Unfortunately most of the world don’t agree with me on this 🙂 For the last 5 years all the companies I worked for just gave me Mac laptop so I mainly used those laptops for software development.
Last year, towards the end of 2022, I decided to give Ubuntu a chance again. I must admit that it’s much better than the last one I used but still has some problems that never existed in Macs or Windows. One problem I have now is that I can’t get any sound from the SPDIF output. On Windows it works fine but on Ubuntu it just doesn’t work (yes, I tried many many solutions from Google and ChatGPT). These kinds of things were always an issue with Linux distributions and it just didn’t get any better even after more than 20 years. Still, this is not a primary issue for me while coding so it’s ok for now.
Daily Routine
This is the actual fun part. I wake up, go for a medium intensity walk with my wife, come back, make some coffee for both us and after she leaves I sit on my table and start the PC. On the desktop screens my daily routine is:
- Start Firefox. This is where my personal stuff goes. Gmail, music from youtube and so on…
- Start Chrome. I have different profiles in Chrome for different projects so all the tabs and histories are divided to different profiles which makes it cleaner and easier to manage.
- Start terminal. I use bash on pc and zsh on the laptop with on my bash and oy my zsh plugins.
- Start VSCode or PyCharm or PHPStorm depending on which project I’m working on.
- Start Telegram, Whatsapp and Slack for work.
In the monitors above I can see four of these windows at the same time side by side which increases productivity by removing a lot of switching back and forth.
I want to give a little bit of detail about shells and “Oh My Bash”/”Oh My Zsh”. In my opinion, these are also very useful productivity boosters. They have their own plugins to manage history, the plugins I use for Oh My Zsh are:
- git: This plugin provides shortcuts for daily git commands. For example, instead of writing “git pull” you just type ggl or instead of “git fetch” you do a “gf” and many many more. One of my favorites is “glol” to show the commit history in a nice way.

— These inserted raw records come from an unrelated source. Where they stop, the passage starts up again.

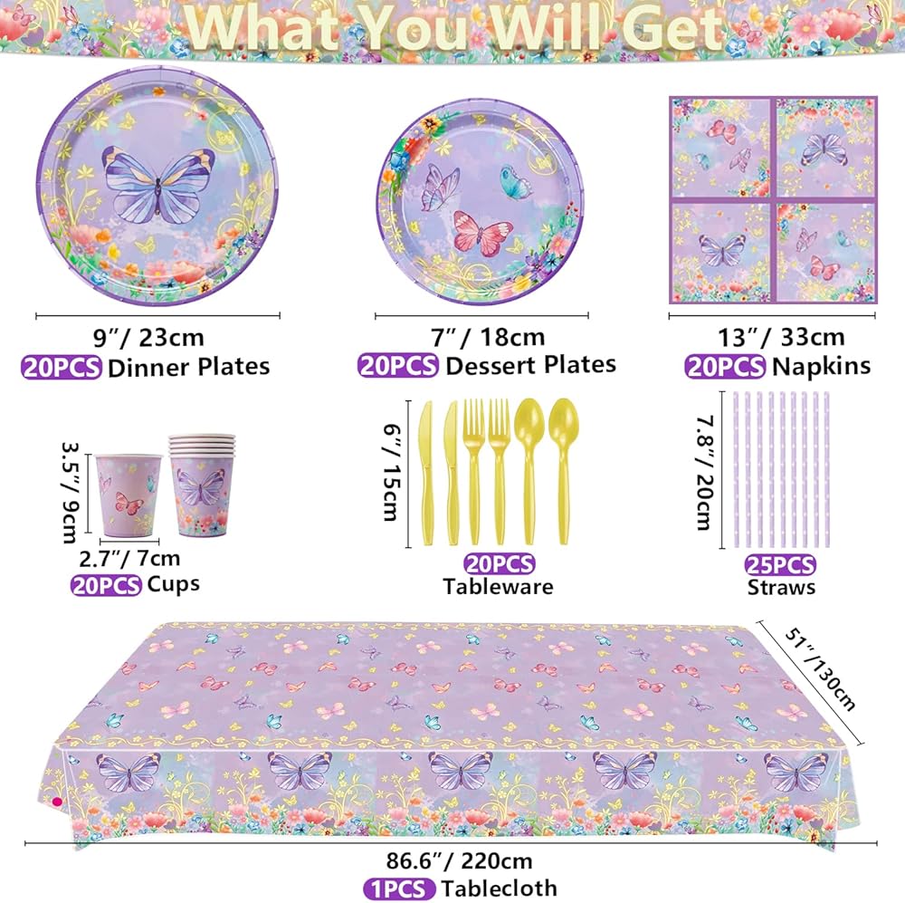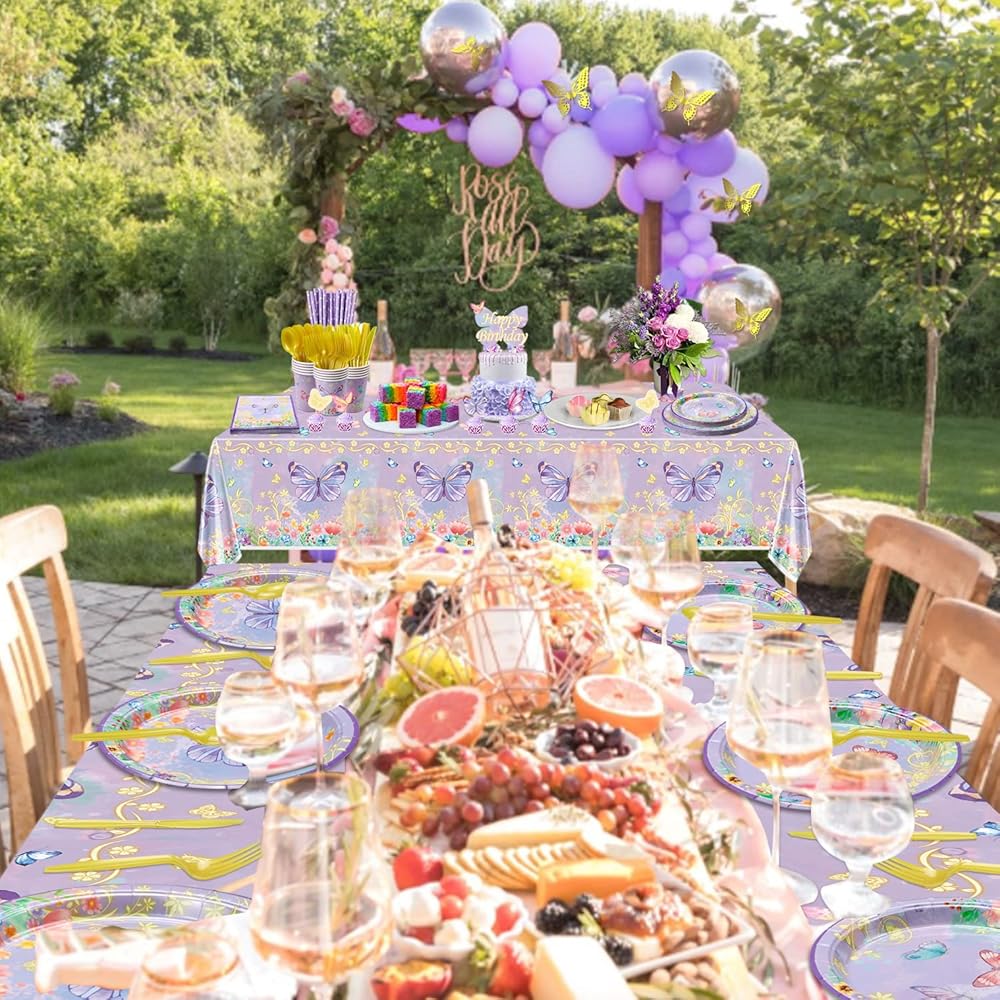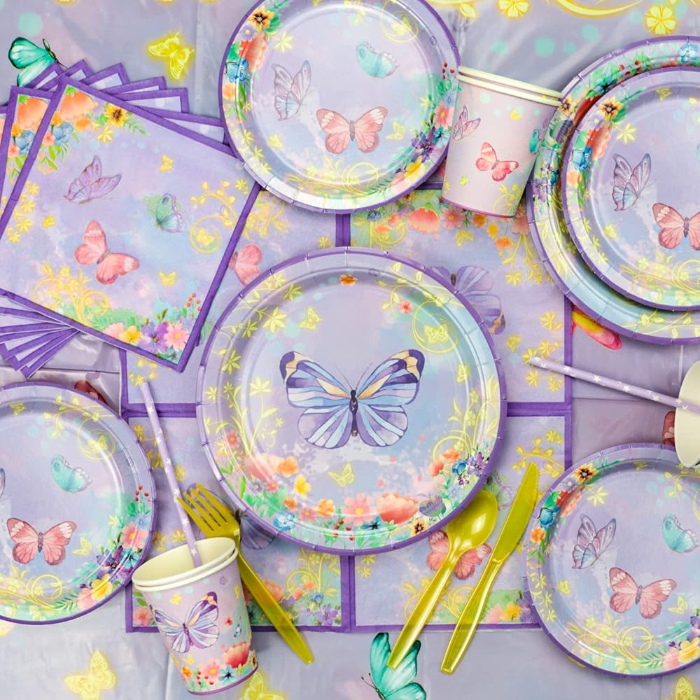 High Quality - Grade paper for butterfly party supplies tableware set, which is environmentally friendly, non-toxic, and not folded or torn, so you don't have to worry about breaking and dropping your food. Quality thick plastic material for tablecloths, knives, forks, and spoons, lightweight and portable, waterproof, and durable.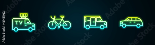 Set line TV News car, Bicycle, Minibus and Hatchback. Glowing neon icon. Vector
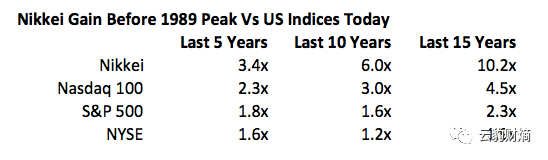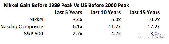 日经指数长期、持续、没有回调以及最终抛物线式的走势几乎是空前绝后的。这与美股迄今为止的上涨是不同的。过去十年标普500指数的涨幅只有日经最高涨幅的1/4(日经包含了225家日本最大的上市公司;标普500指数是美国与之最有可比性的股指)

- aws: https://github.com/ohmyzsh/ohmyzsh/tree/master/plugins/aws
- docker: https://github.com/ohmyzsh/ohmyzsh/tree/master/plugins/docker
- asdf: https://github.com/ohmyzsh/ohmyzsh/tree/master/plugins/asdf
- Here are all the plugins for zsh: https://github.com/ohmyzsh/ohmyzsh/wiki/Plugins
Development Routine
Up until a couple of months ago my development routine was coding in the IDE and looking things up on google and reading a lot of documentation. But, as we all know, there’s ChatGPT now so my development routine changed drastically and became much more productive. Right now my development routine includes the following:
- IDE.
- Github Copilot integrated into the IDE.
- ChatGPT (mostly) instead of Google.
- Google for some stuff ChatGPT can’t handle.
In my own personal experience, this combination is an incredible productivity booster. I love Github copilot suggestions which most of time just still amaze me and I love talking to ChatGPT instead of looking things up on google and going to multiple websites to find something.
Conclusion
Always looking to improve the overall productivity this is where I’m at. If you stumble upon this post and you have suggestions please tell me.